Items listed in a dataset
□ □ □ □
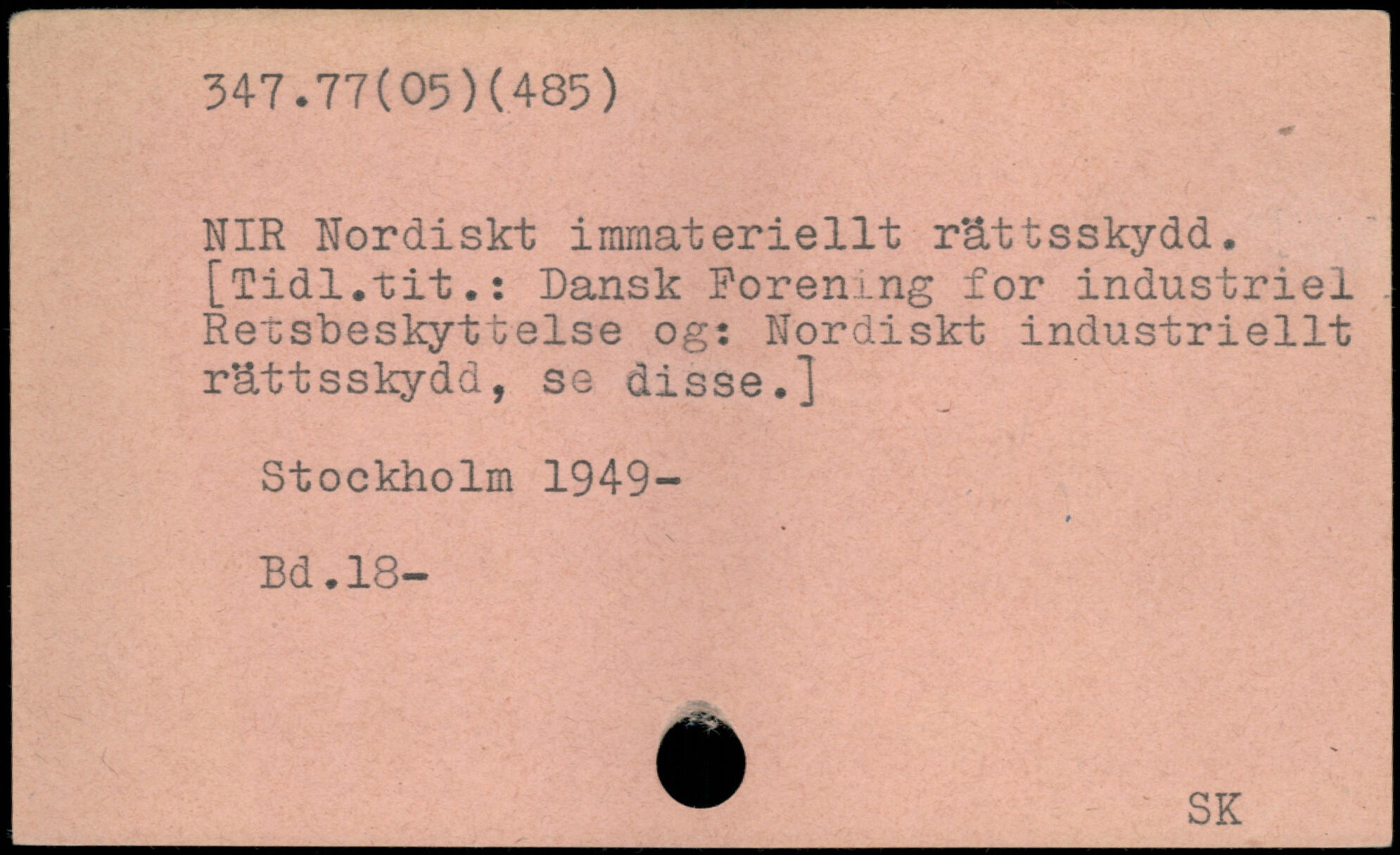 NIR Nordiskt immateriellt rättsskydd. [Tidl.tit.: Dansk Förening for industriel. Retsbeskyttelse og: Nordiskt industriellt rättsskydd, se disse.] Stockholm 194-9-
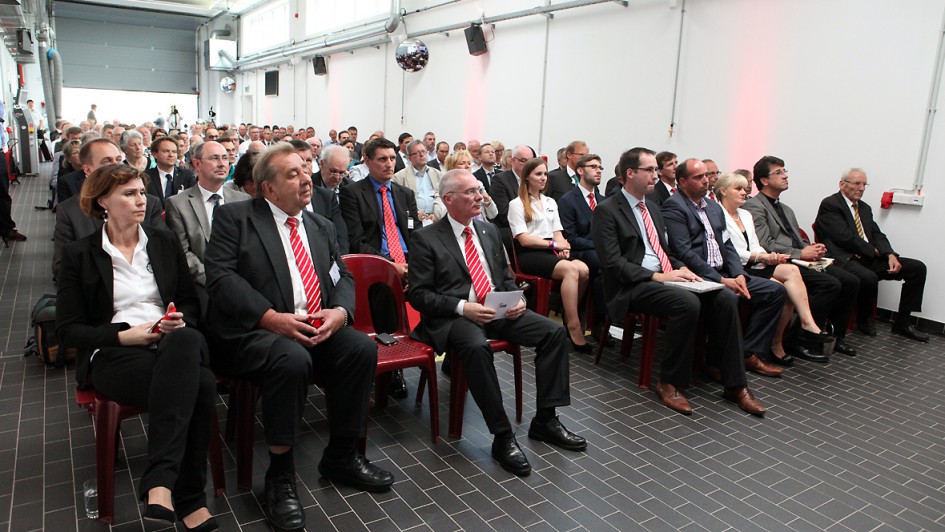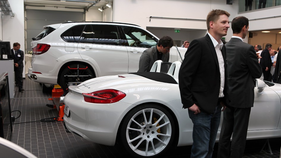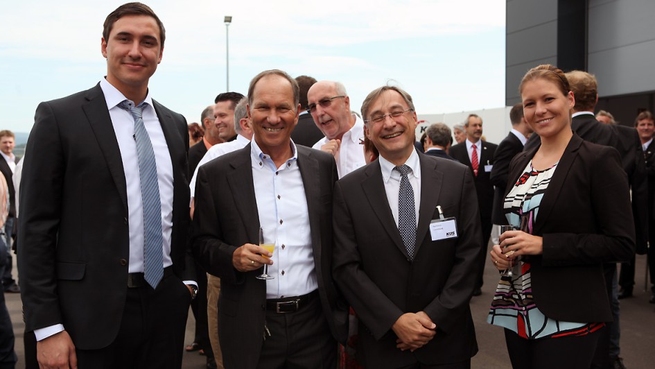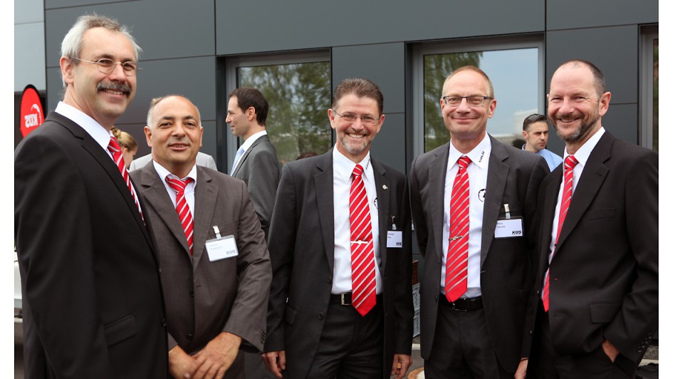 von 10: Christoph Diwo, langjähriger Technischer Leiter der KÜS (mi.), und seine Kollegen freuten sich sichtlich über die neuen Möglichkeiten, die sie mit der KÜS Technik GmbH durch den Neubau haben.
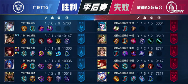 JRS直播网讯 6月6日2021KPL春季赛季后赛胜者组第一轮,由成都AG超玩会对阵广州TTG,以下是本场比赛快讯。
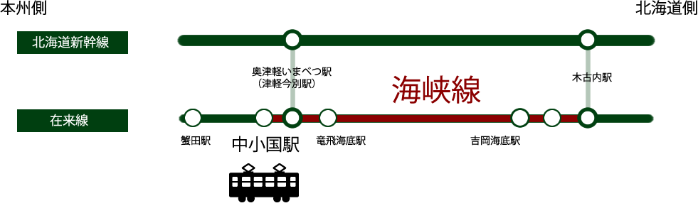 海峡線へ入ると、新幹線も走行できる設計のため、在来線の狭軌(狭い軌間)1,067mmと新幹線の標準軌1,435 mmが両方ひかれている“三線軌条(さんせんきじょう)”となっている。
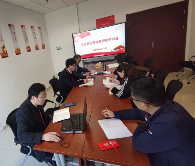4月13日中午,文理教学部直属党支部在南苑2号楼306会议室组织召开党政理论学习会,专题学习习近平总书记在党史学习教育动员大会上的讲话,教学部党政领导班子、支委会成员、党建员参加了会议,巡察员解晓峰列席了会议。会议由书记秦禹权主持。
□ □ □ □
WHAT NEEDS TO BE DONE -
Within the entries above, the lines from the one with "von 10: Christoph" through the final line are to be printed exactly, with the pictures removed.

WRITTEN RESPONSE -
 von 10: Christoph Diwo, langjähriger Technischer Leiter der KÜS (mi.), und seine Kollegen freuten sich sichtlich über die neuen Möglichkeiten, die sie mit der KÜS Technik GmbH durch den Neubau haben.
 JRS直播网讯 6月6日2021KPL春季赛季后赛胜者组第一轮,由成都AG超玩会对阵广州TTG,以下是本场比赛快讯。
 海峡線へ入ると、新幹線も走行できる設計のため、在来線の狭軌(狭い軌間)1,067mmと新幹線の標準軌1,435 mmが両方ひかれている“三線軌条(さんせんきじょう)”となっている。
4月13日中午,文理教学部直属党支部在南苑2号楼306会议室组织召开党政理论学习会,专题学习习近平总书记在党史学习教育动员大会上的讲话,教学部党政领导班子、支委会成员、党建员参加了会议,巡察员解晓峰列席了会议。会议由书记秦禹权主持。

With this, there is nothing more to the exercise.